Mila straightened in her seat. “I’ll be with you.”
Dominic stiffened as everything in him rebelled against the idea of her being anywhere near the bastard who, for some unknown reason, wanted her dead. Especially while she wasn’t at 100 percent. “Baby, you’re still tired from blood loss. You haven’t had enough rest to recover.”
“I’m fine,” she insisted.
“No, you’re not. You’re pale and shaky. And don’t even lie and tell me you’re not drained—I can feel it.” Her exhaustion brushed at his mind somehow, and he knew it was a result of the imprinting process progressing.
She frowned. “Feel it?”
“You can’t feel what I’m feeling right now?”
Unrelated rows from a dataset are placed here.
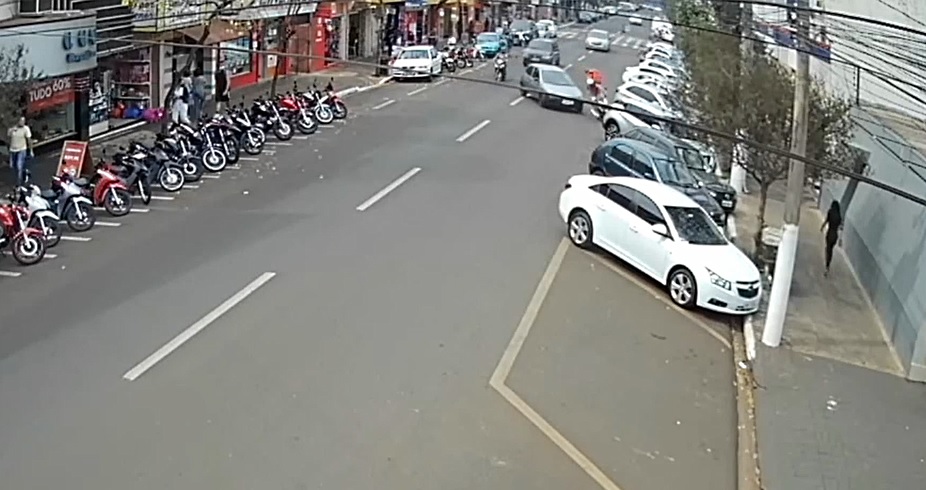 A batida ocorreu por volta das 13h30, no Centro da cidade. O veículo Chevrolet Corsa segue pela rua Antônio Carlos Mori, na faixa da direita, quando vê uma vaga de estacionamento do lado esquerdo e faz a conversão sem ver o motociclista, um entregador de comida, que transita pela pista da esquerda.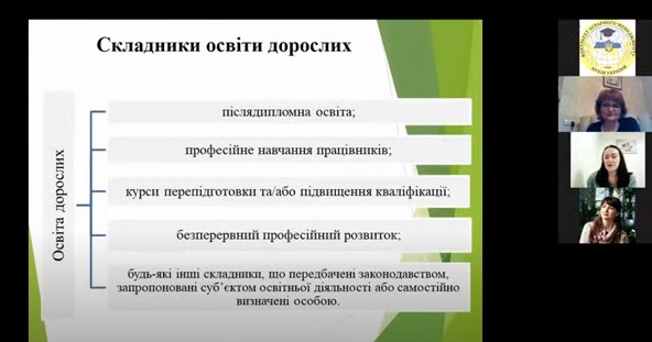 Лектор Троян А.В. надала інформацію про особливості освіти дорослих та методи професійного навчання персоналу на робочому і позаробочим місцем; розкрила суть поняття «кар’єра» та наголосила на необхідності здійснення управління діловою кар’єрою працівника.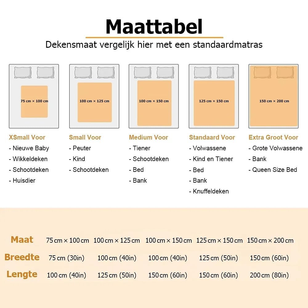 | Afmeting: | Sherpa Deken: 100 cm × 125 cm (40" × 50"), 125 cm × 150 cm (50" × 60"), 150 cm × 200 cm (60" × 80"), Fleecedeken: 75 cm × 100 cm (30" × 40"), 100 cm × 125 cm (40" × 50"), 125 cm × 150 cm (50" × 60"), 150 cm × 200 cm (60" × 80") |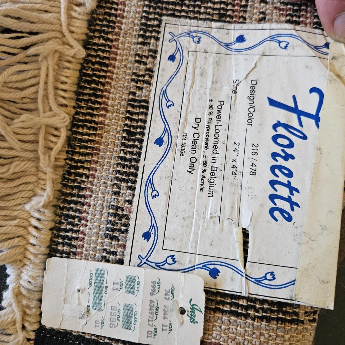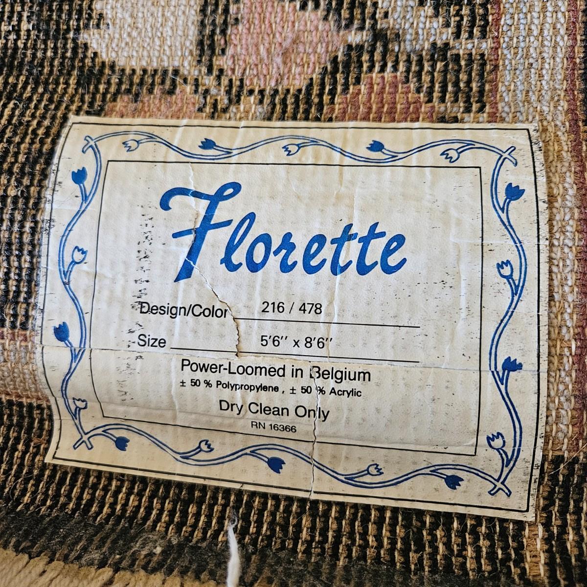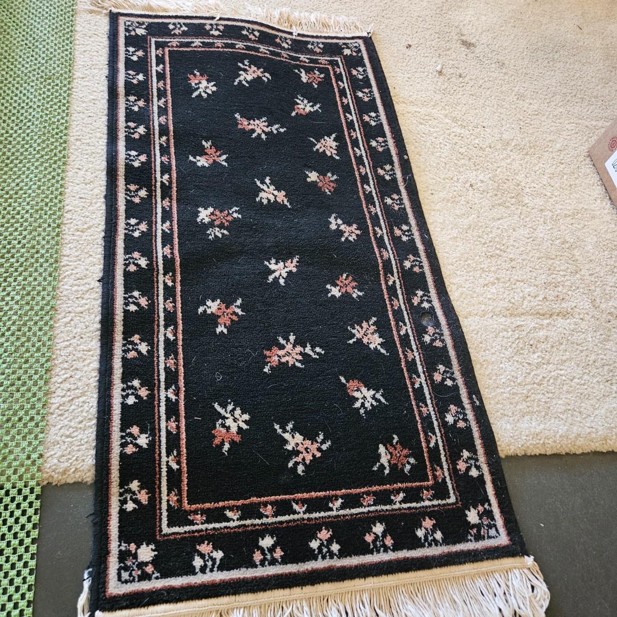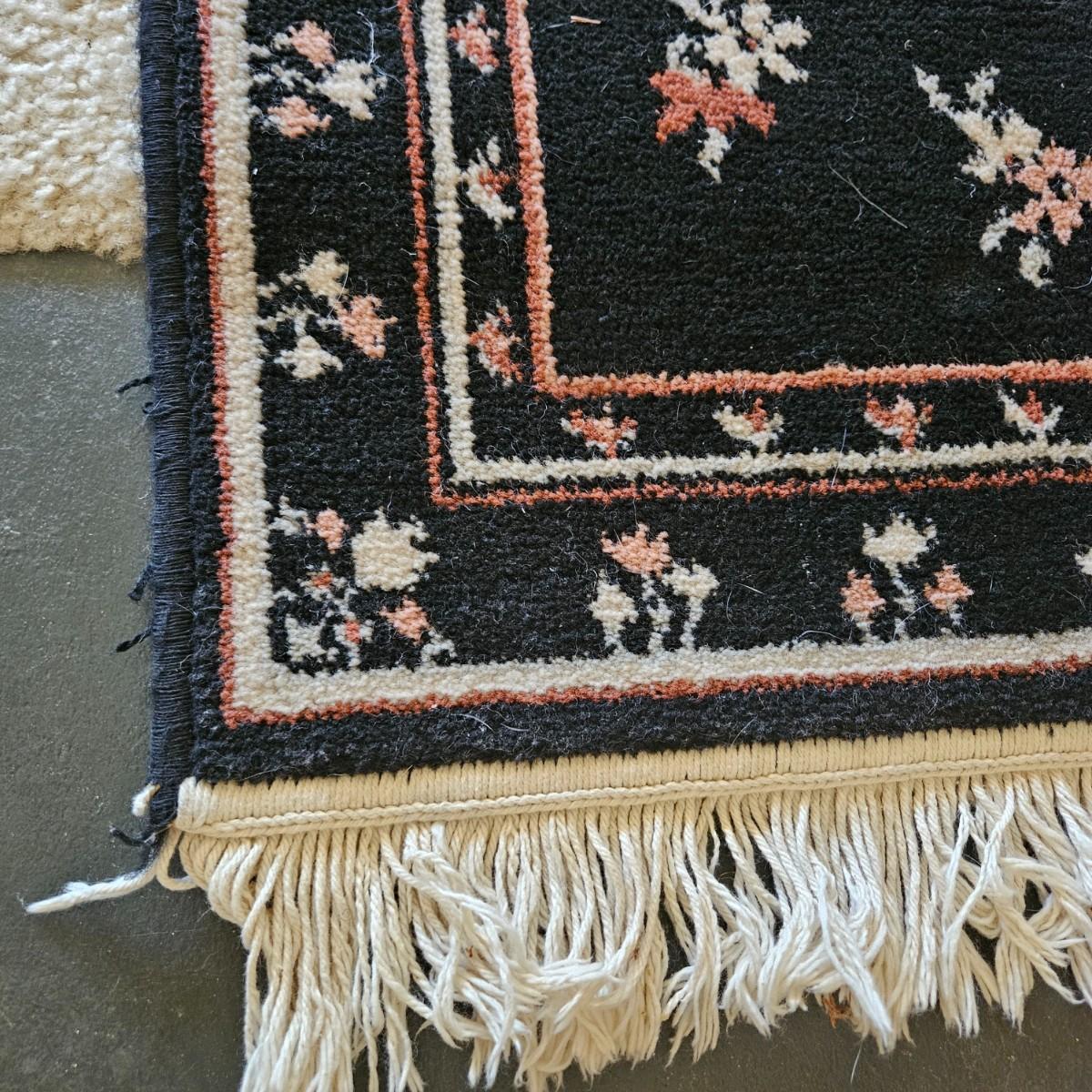A pair of matching Florette rugs with a black aground and a floral pattern. The area rug measures approximately 8'6" x 5'6" and includes a rug slip pad. The runner measures approximately 2'4" x 4'4. Local pickup only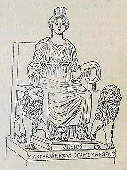 La « Grande Mère », Cybèle, comme la connaissent les Grecs et les Romains, est à l'origine vénérée dans les montagnes de Phrygie, où elle est connue sous le nom de « Mère de la Montagne ». Dans sa forme phrygienne typique, elle porte une longue robe ceinturée, un polos (une haute coiffe cylindrique) et un voile couvrant tout le corps. La version ultérieure de Cybèle a été établie par un élève de Phidias, le sculpteur Agoracritos, et est devenue l'image la plus largement adoptée par les fidèles de Cybèle, tant dans le monde égéen qu'à Rome. On la voit humanisée, mais toujours sur le trône, une main posée sur un lion et l'autre tenant le tympan, un tambour à cadre circulaire, semblable à un tambourin.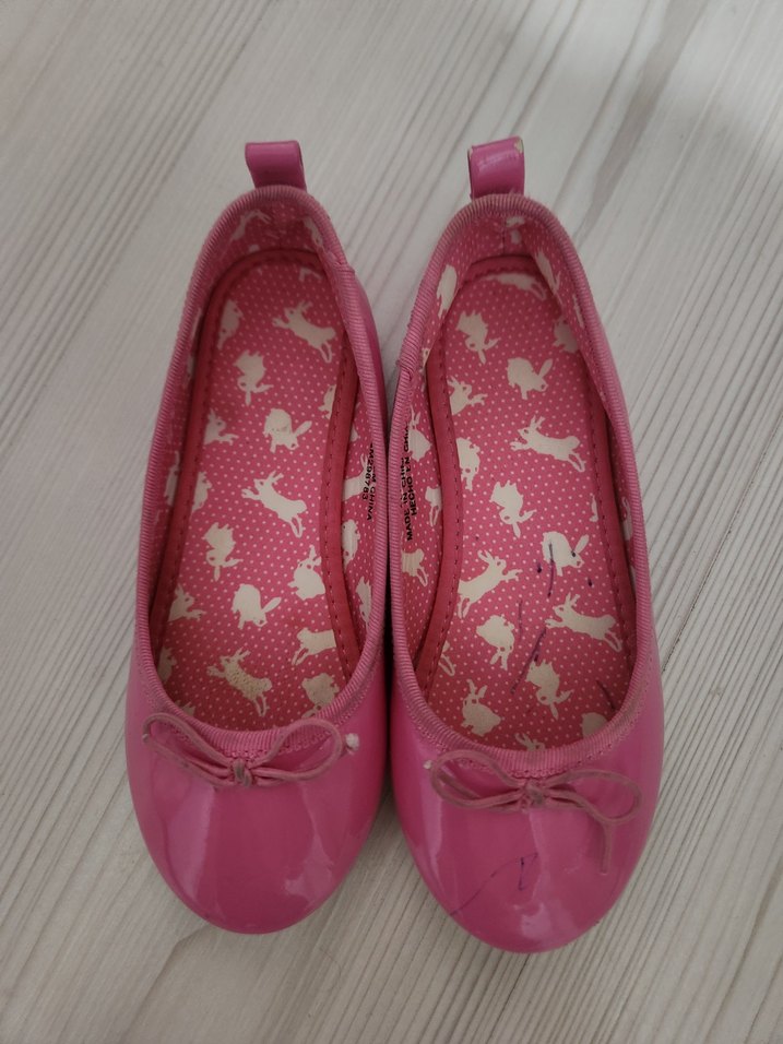 Pembe renkli, fiyonklu kız babet ayakkabı. İç kısmında sevimli hayvan desenleri bulunur. Yumuşak ve parlak yüzeye sahip, rahat ve renkli tasarım.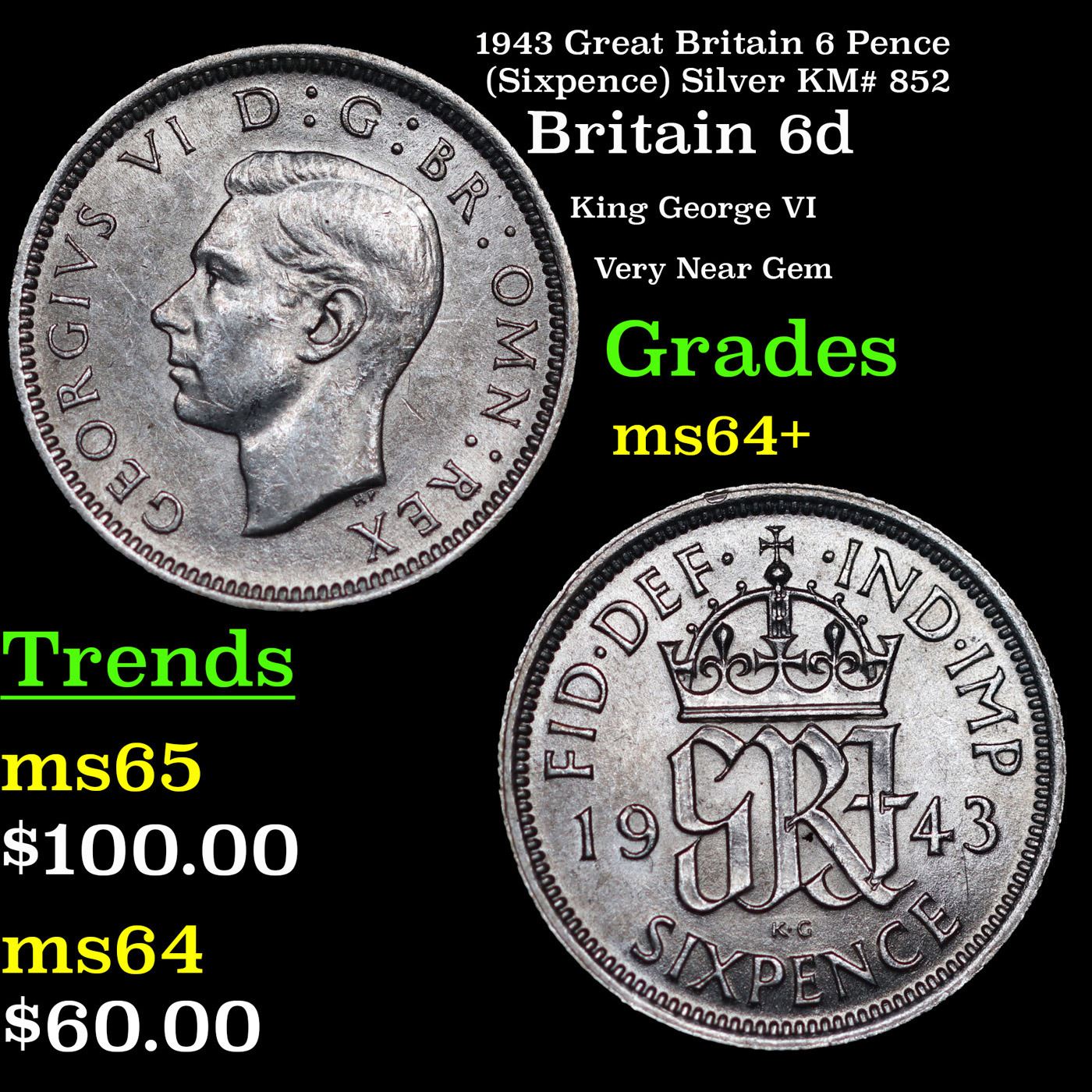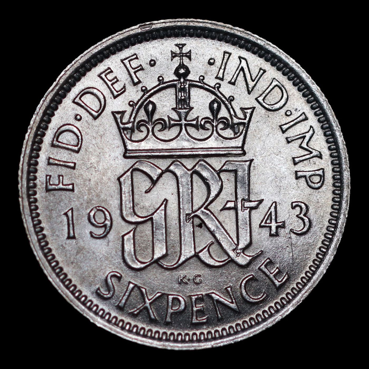 1943 Great Britain 6 Pence (Sixpence) Silver KM# 852 Grades Choice+ Unc.
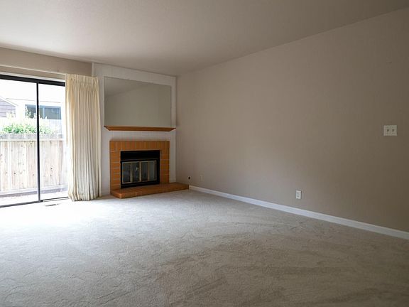 The spacious living room and adjoining dining area receive bright natural light from the large sliding doors that look out on your own private patio. This home has been fully updated with fresh paint, new carpet, new bathroom vanity, interior doors, new electrical sub-panel. New stainless oven/range and dishwasher brighten up the kitchen. Inside laundry. Washer/dryer and refrigerator are included. The two spacious ensuite bedrooms have soaring vaulted ceilings and large windows.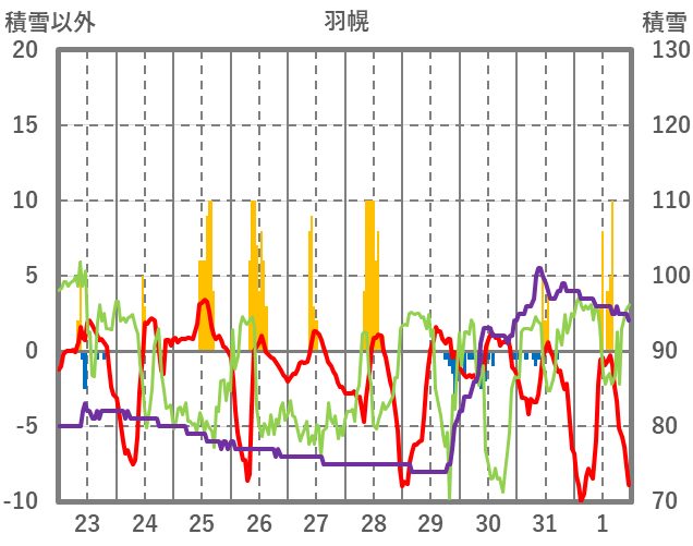 | 日 | 時 | 気温 | 降水 | 風向/風速 | 日照 | 積雪 | 降雪 |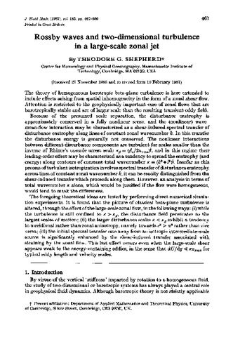 The theory of homogeneous barotropic beta-plane turbulence is here extended to include effects arising from spatial inhomogeneity in the form of a zonal shear flow. Attention is restricted to the geophysically important case of zonal flows that are barotropically stable and are of larger scale than the resulting transient eddy field. Because of the presumed scale separation, the disturbance enstrophy is approximately conserved in a fully nonlinear sense, and the (nonlinear) wave-mean-flow interaction may be characterized as a shear-induced spectral transfer of disturbance enstrophy along lines of constant zonal wavenumber k. In this transfer the disturbance energy is generally not conserved. The nonlinear interactions between different disturbance components are turbulent for scales smaller than the inverse of Rhines's cascade-arrest scale κβ[identical with] (β0/2urms)½ and in this regime their leading-order effect may be characterized as a tendency to spread the enstrophy (and energy) along contours of constant total wavenumber κ [identical with] (k2 + l2)½. Insofar as this process of turbulent isotropization involves spectral transfer of disturbance enstrophy across lines of constant zonal wavenumber k, it can be readily distinguished from the shear-induced transfer which proceeds along them. However, an analysis in terms of total wavenumber K alone, which would be justified if the flow were homogeneous, would tend to mask the differences. The foregoing theoretical ideas are tested by performing direct numerical simulation experiments. It is found that the picture of classical beta-plane turbulence is altered, through the effect of the large-scale zonal flow, in the following ways: (i) while the turbulence is still confined to K Kβ, the disturbance field penetrates to the largest scales of motion; (ii) the larger disturbance scales K < Kβ exhibit a tendency to meridional rather than zonal anisotropy, namely towards v2 > u2 rather than vice versa; (iii) the initial spectral transfer rate away from an isotropic intermediate-scale source is significantly enhanced by the shear-induced transfer associated with straining by the zonal flow. This last effect occurs even when the large-scale shear appears weak to the energy-containing eddies, in the sense that dU/dy [double less-than sign] κ for typical eddy length and velocity scales.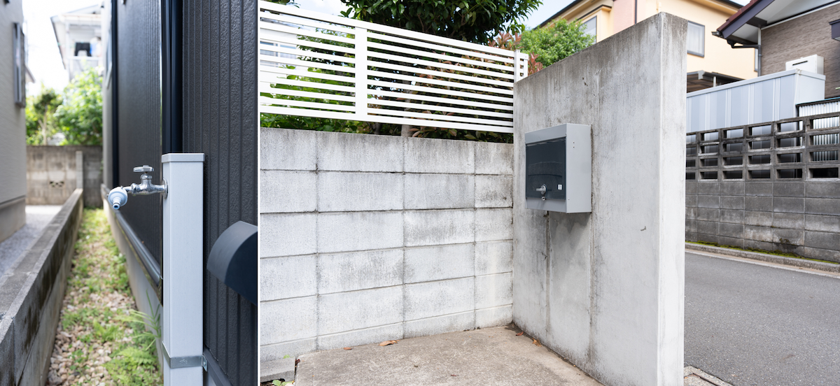家の脇に水道を引いているので洗車に掃除、水やりなどにも◎(左)ゴミ出しは家の敷地内で済むのでとても楽(右)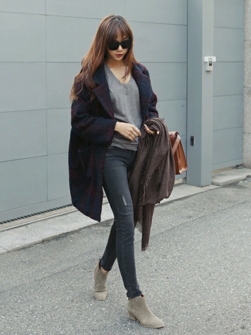 フィットする細身のデニムでカジュアル感を出しつつも、きれいめのシルエットのコートや、ヒールのあるブーツを選ぶことでモードっぽい仕上がりになっています!
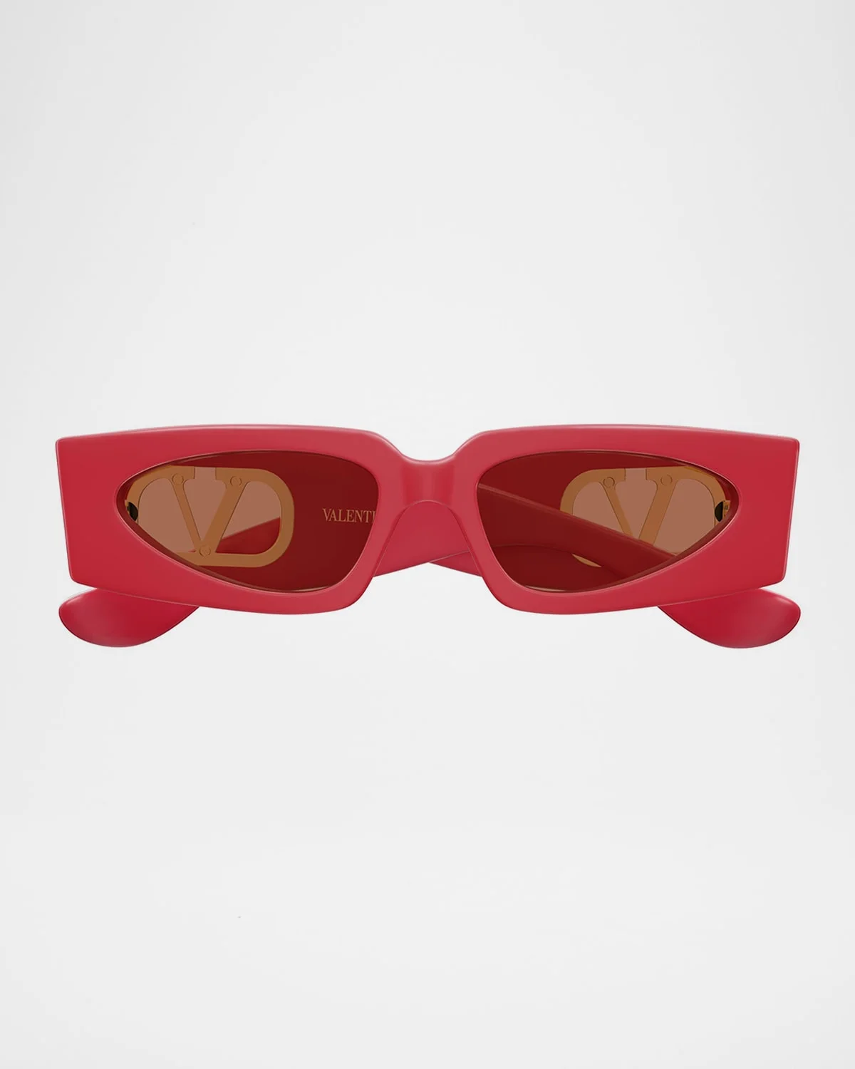 Crafted from chunky acetate in the house & apos;s iconic hue, these Valentino Garavani "VG0001S" sunglasses feature a bold cat-eye shape enhanced with VLogo Signature cutout temples. Eye/bridge/temple (in mm): 53-17-140 Monochromatic bio nylon lenses Saddle nose bridge Wide, tapered arms Cutout VLogo Signature & nbsp; Acetate 100% UVA/UVB protection Made in Japan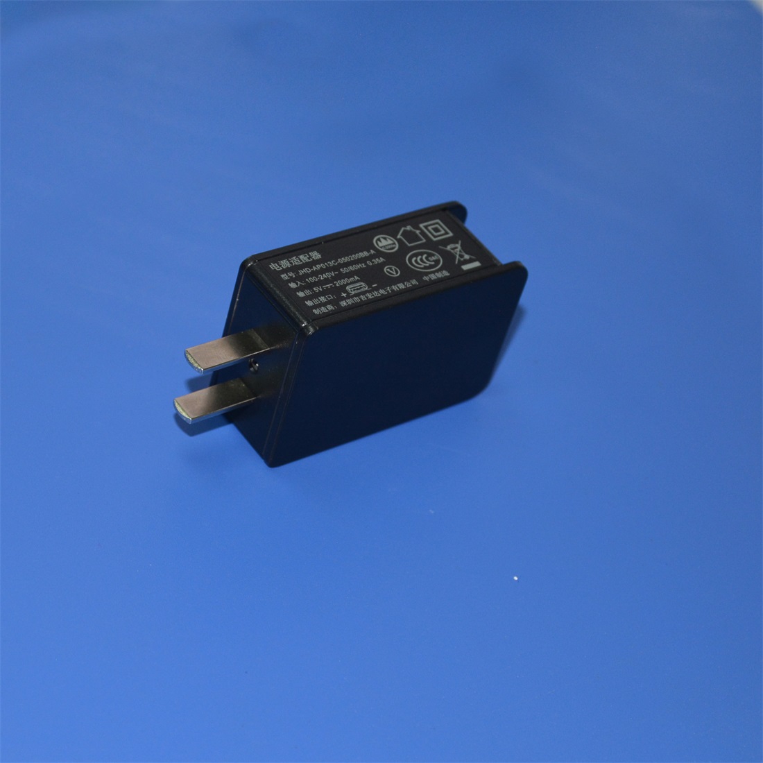 5V2A China pin USB power adapter,5V2A CN plug USB charger; Model: JHD-AP013C-050200BB-A, output 10 watts,high efficiency,low loss,built in EMC/EMI filter, Safety Approval: CCC,PSE,UL,FCC,CB,GS-TUV,CE. widely used in the electronic digital,communication.

Mila realized that, yes, she could feel the echo of an emotion that wasn’t hers. A soul-deep anxiety. She sighed. “Dominic—”
“You almost died today, Mila.” The reminder made his chest tighten and his wolf snarl. “No one can bounce back from something like that in a matter of hours. Rest. Get your strength back.”
Mila couldn’t deny that she needed that rest, but she also couldn’t sit back while others apprehended the person who’d put her life in danger. She lifted her chin. “I’ll stay if you stay.” Which she was positive he’d never agree to do.
His brows snapped together. “Excuse me?”
“If you get a grip on Dean, you won’t ask questions. Not while you’re in this mood. The only thing on your mind is eradicating the threat to me.” She could sense it as clearly as she could sense the tension in the room. “You won’t even give him a warning. You’ll just kill him. I want answers.”
Dominic clenched his jaw, not bothering to refute her accusation. “The ‘why’ of what he’s done doesn’t matter.”
“It does to me. If you stay, I’ll stay. If not, we both go.” In which case, she could stop him from killing Dean until she’d at least questioned him. Mila shrugged, leaving the decision up to Dominic, but pretty sure he’d back down. Seconds of uncomfortable silence ticked by, but she met his cold stare boldly.
His nostrils flared. “Fine. I’ll stay.”
Her head almost jerked back. “Seriously?”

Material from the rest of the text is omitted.